Before presenting the conclusion, I think it is very important to review the purpose

of the research. The purpose is to show the effectiveness of TSTS technique compared to LT in

writing descriptive text to high and motivated students. From the findings, I can briefly explain

as follow.

First, TSTS technique has shown a significant and different result in the students

competence of writing descriptive text compared with LT to high motivated students. Highly

motivated students in experimental class had achieved better test score rather than high

motivated students in control class.

Second, TSTS technique also indicated significant difference in the result compared

with LT to low motivated students. The low motivated students in experimental class taught with

TSTS Technique gained better result that control class taught with LT.

Third, from the statistical calculation showed that TSTS technique in experimental

class is more effective to high motivated students to improve the competence in writing

descriptive text.

Fourth, the competence of writing descriptive to the students taught with lecturing

technique showed that lecturing technique is more effective to high motivated students rather

than low motivated students.

Fifth, from the data calculation it can be stated that there is a significant

relationship between the technique, students learning motivation and the competence of students

writing descriptive text.

From all the result it can be concluded that TSTS technique has shown effective

result both to low motivated students and high motivated students compared with LT in students

writing of descriptive text. So, TSTS technique can be used in the teaching learning process

especially in writing descriptive text in Junior High school.

1.2. Suggestions

Based on the results of TSTS technique that showed significant result to the students

competence in writing descriptive text, I can propose some suggestions for further research as

follows

a) TSTS technique could be compared with other cooperative learning techniques to find out the

effectiveness of TSTS technique among other cooperative learning models to improve the

competence of students writing descriptive text.

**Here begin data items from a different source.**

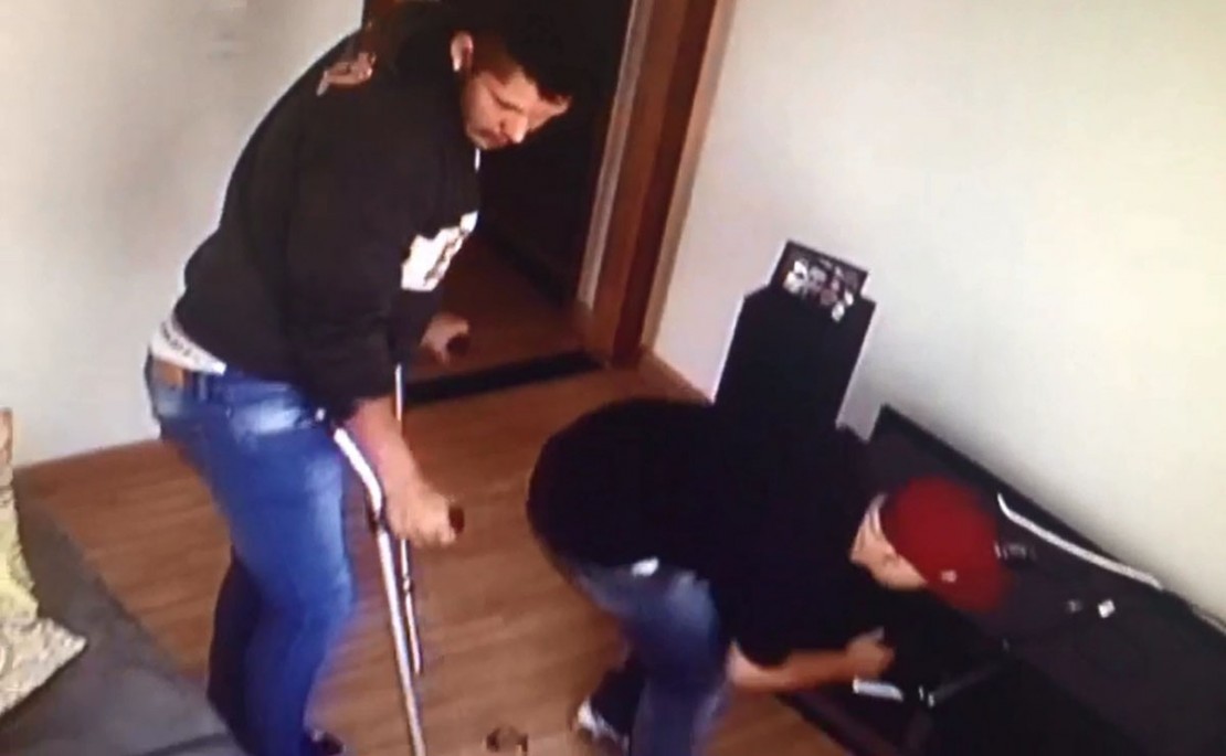 Para invadir a casa, eles arrombaram a porta principal. Dentro da residência, a dupla começa a fazer a limpa e chega mais um comparsa, que ajuda a pegar mais objetos do local. Em alguns momentos, o rapaz de muleta abandona os apoios, mas aparentemente não consegue se sustentar direito em pé.
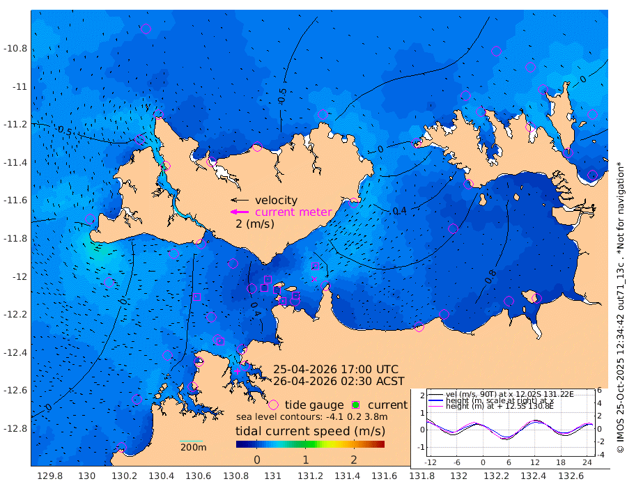 7cm/s 84T +4cm/s rms + 6cm/s 51T. Darwin_C1 52m 2cm/s 6T +4cm/s rms + 7cm/s -161T. Darwin_CW1 22m 1cm/s 55T +4cm/s rms + 8cm/s 61T. Darwin_CW2 34m 18cm/s 28T +3cm/s rms + 9cm/s 98T. Darwin_CW3 22m 1cm/s -118T +5cm/s rms + 7cm/s 88T. Darwin_C3 56m 5cm/s 62T +2cm/s rms + 9cm/s -126T. Darwin_CTbW 22m 14cm/s -86T +1cm/s rms + 1cm/s -47T. DARBGF 30m 15cm/s -54T +4cm/s rms + 3cm/s 80T. NRSDAR 19m -56cm Goodrich Bank 11cm Point Jenny 6cm Native Point 16cm Fish Reef 15cm Tapa Bay -32cm Point Fawcett (Offshore) 24cm Burge Point 0cm Munkunuwa 0cm Beagle A 27cm Parsons Bank 26cm Fenton Patches 35cm Hancox Shoal Area 29cm Nightcliff 28cm Darwin 14cm Charles Point Patches 49cm Glyde Point 85cm Chambers Bay 91cm Point Stuart 60cm Cape Hotham 70cm Christine Reef 101cm West Alligator Head 112cm East Field Island 61cm Two Hills Bay 53cm Camp Point 5cm Medina Inlet South -44cm South Barlow Point -50cm St. Asaph Bay -54cm Cape Van Dieman -57cm Snake Bay -45cm Cache Point -31cm Point Jahleel (Off) 5cm Cape Don -19cm Port Essington -18cm Smith Point - West -15cm NW Peacock Island -32cm North Of Jones Shoal -8cm Peacock Island 14cm Point David -11cm D'urville Point 21cm Copeland Island 7cm One Tree Point
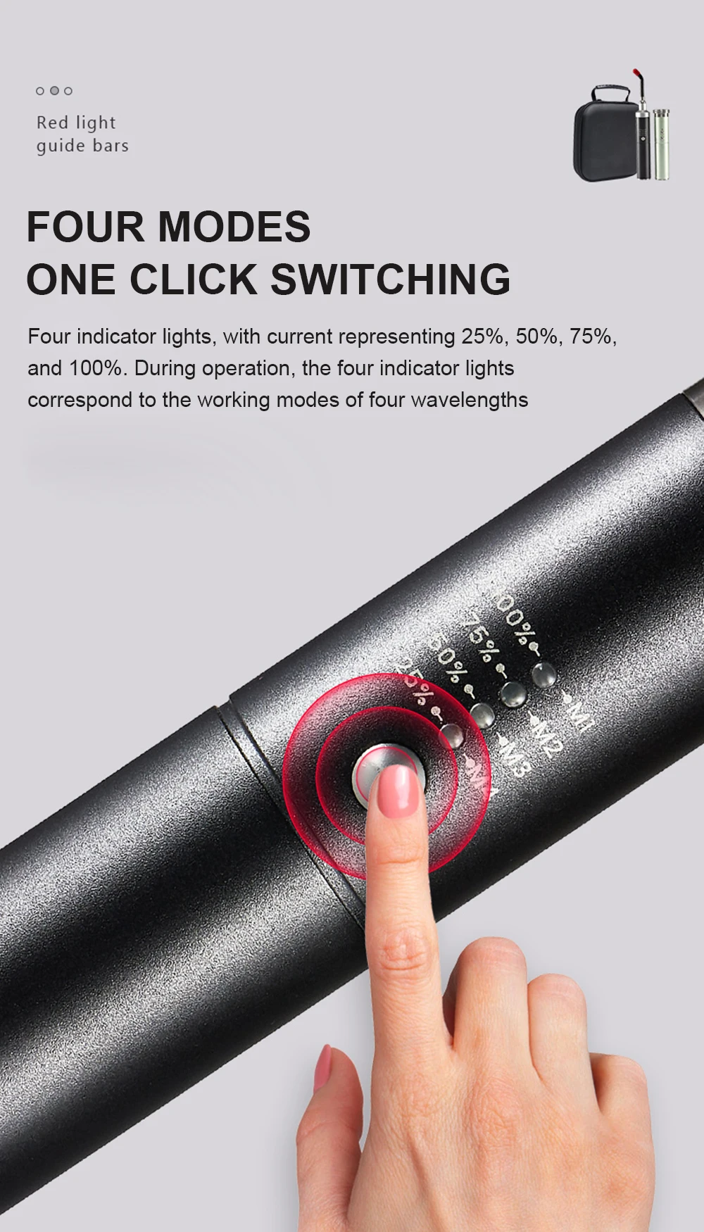 Press again: (Red 630+660nm) 10Hz pulse flash; The above two modes light up the second indicator light;
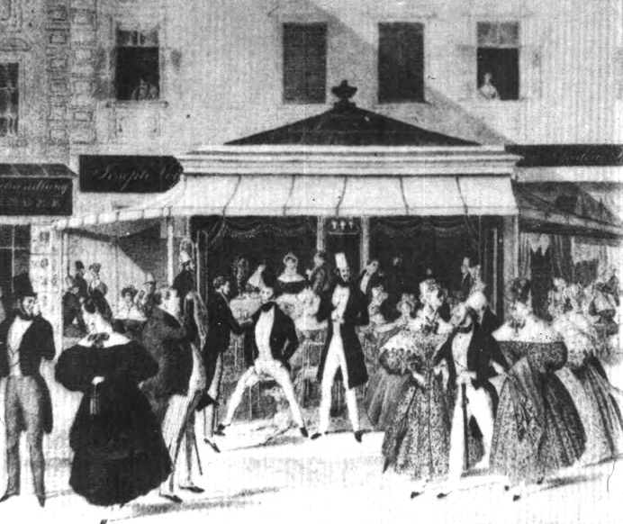 Fagylaltozókioszk a bécsi Grabenen 1836-ban, Alexander v. Bensa színes litográfiájának reprodukcióján

b) The various media also can be used to support the TSTS technique implementation in English

writing teaching learning process to make TSTS would be more effective and obtain better

competence to the students writing.

c) The TSTS technique in this research was applied in Junior high school. In the other research

there would be interesting if the technique also applied in higher or lower degree of education

such as: in elementary school or Senior high school or even to the university level students.

d) TSTS technique in this research was used to find out the effectiveness in writing descriptive

text. There would be interesting if other researcher used TSTS technique in other skills like in

teaching learning vocabularies, or even in speaking skill.